=== SOURCE DATA ===
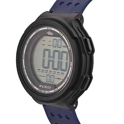 MAJESTY Digital Electronic 3ATM WR LCD Dial - Black Case Mens Watch with Blue TUP Strap
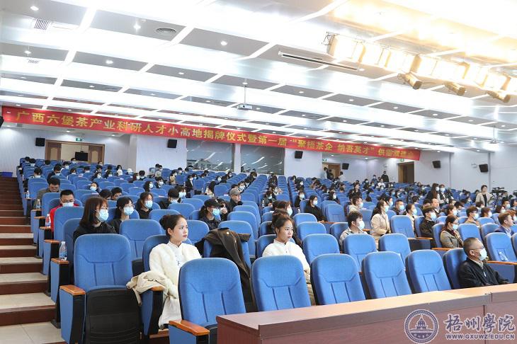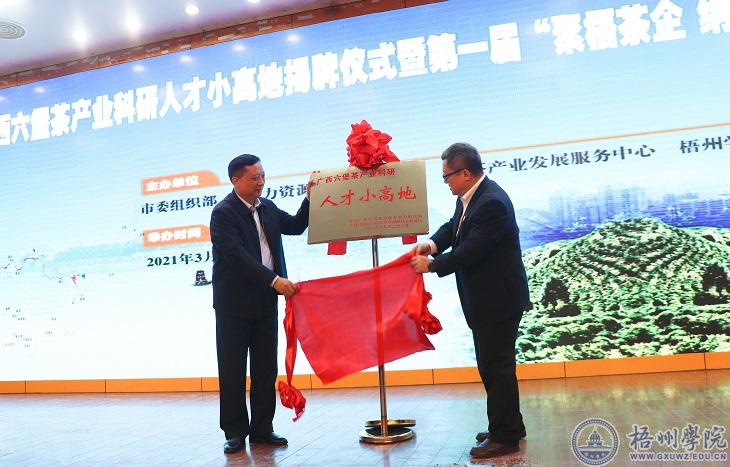 为进一步加强广西六堡茶产业科研人才小高地建设,搭建茶学等相关专业应届毕业生与茶企双向选择桥梁,充分发挥人才科技支撑作用,3月24日上午,广西六堡茶产业科研人才小高地揭牌仪式曁第一届“聚梧院企 纳吾英才”供需双选会分别在我校学术报告厅、体育馆举行。梧州市委副书记蒋海东,校长杨奔,校党委副书记曹迎,副校长宾月景,梧州市相关部门负责人出席活动。
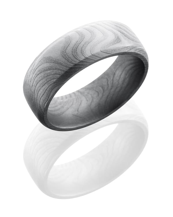 Flat Twist Patterned Damascus Steel 8mm Domed Band with Beveled Edges
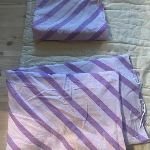 Rosa flanell dynetrekk og putevar med motiv i grått og oker
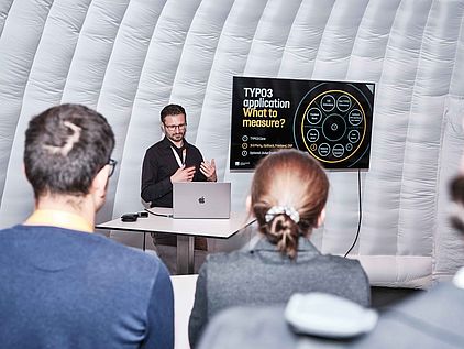 The lightning talks were carefully selected to match the program segments on the main stage. For instance, Neil Peretz’s presentation on Balancing Digital Freedom, Privacy, and Consumer Protection was followed by a lightning talk on Implementing Consent Management by dkd. The podium discussion on Government and Digital Sovereignty was complemented by a lightning talk on Measuring Digital Sovereignty in TYPO3 Applications by CPS that introduced the “especially exciting” Digi.Souv.Score for evaluating your own digital sovereignty.
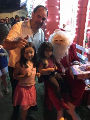 chegada do Papai Noel, entrega de brinquedos e doces para as crianças, e show com a Banda Ministério
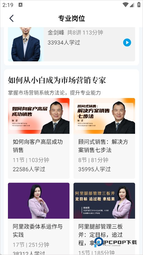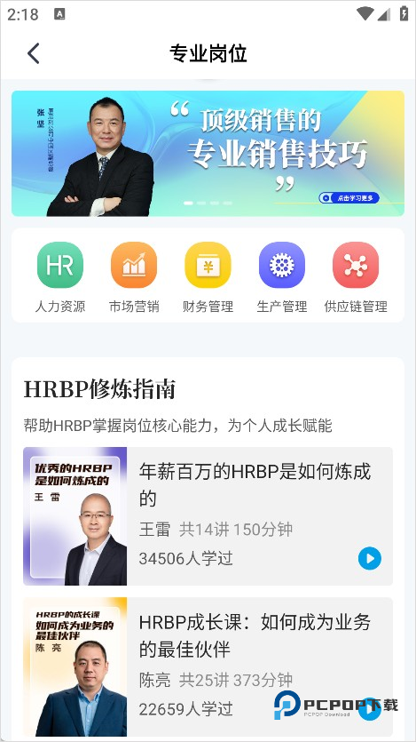 具体的使用可根据自身需求进行选择,如“专业岗位”提供了人力资源、市场营销、财务管理、生产管理、供应链管理等等,在每一个分院里都有对应的专业课程和知识解答。
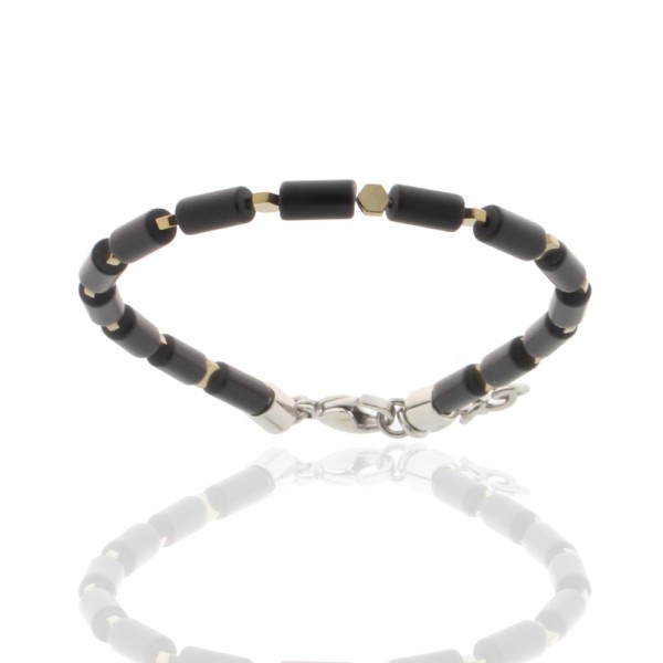 Armband, Edelstahl, Onyx, IP Gold, 19 + 3 cm
===
* TASK PROMPT
Can you restate all the records above word for word while dropping the pictures?

* EXPECTED OUTPUT
 MAJESTY Digital Electronic 3ATM WR LCD Dial - Black Case Mens Watch with Blue TUP Strap
 为进一步加强广西六堡茶产业科研人才小高地建设,搭建茶学等相关专业应届毕业生与茶企双向选择桥梁,充分发挥人才科技支撑作用,3月24日上午,广西六堡茶产业科研人才小高地揭牌仪式曁第一届“聚梧院企 纳吾英才”供需双选会分别在我校学术报告厅、体育馆举行。梧州市委副书记蒋海东,校长杨奔,校党委副书记曹迎,副校长宾月景,梧州市相关部门负责人出席活动。
 Flat Twist Patterned Damascus Steel 8mm Domed Band with Beveled Edges
 Rosa flanell dynetrekk og putevar med motiv i grått og oker
 The lightning talks were carefully selected to match the program segments on the main stage. For instance, Neil Peretz’s presentation on Balancing Digital Freedom, Privacy, and Consumer Protection was followed by a lightning talk on Implementing Consent Management by dkd. The podium discussion on Government and Digital Sovereignty was complemented by a lightning talk on Measuring Digital Sovereignty in TYPO3 Applications by CPS that introduced the “especially exciting” Digi.Souv.Score for evaluating your own digital sovereignty.
 chegada do Papai Noel, entrega de brinquedos e doces para as crianças, e show com a Banda Ministério
 具体的使用可根据自身需求进行选择,如“专业岗位”提供了人力资源、市场营销、财务管理、生产管理、供应链管理等等,在每一个分院里都有对应的专业课程和知识解答。
 Armband, Edelstahl, Onyx, IP Gold, 19 + 3 cm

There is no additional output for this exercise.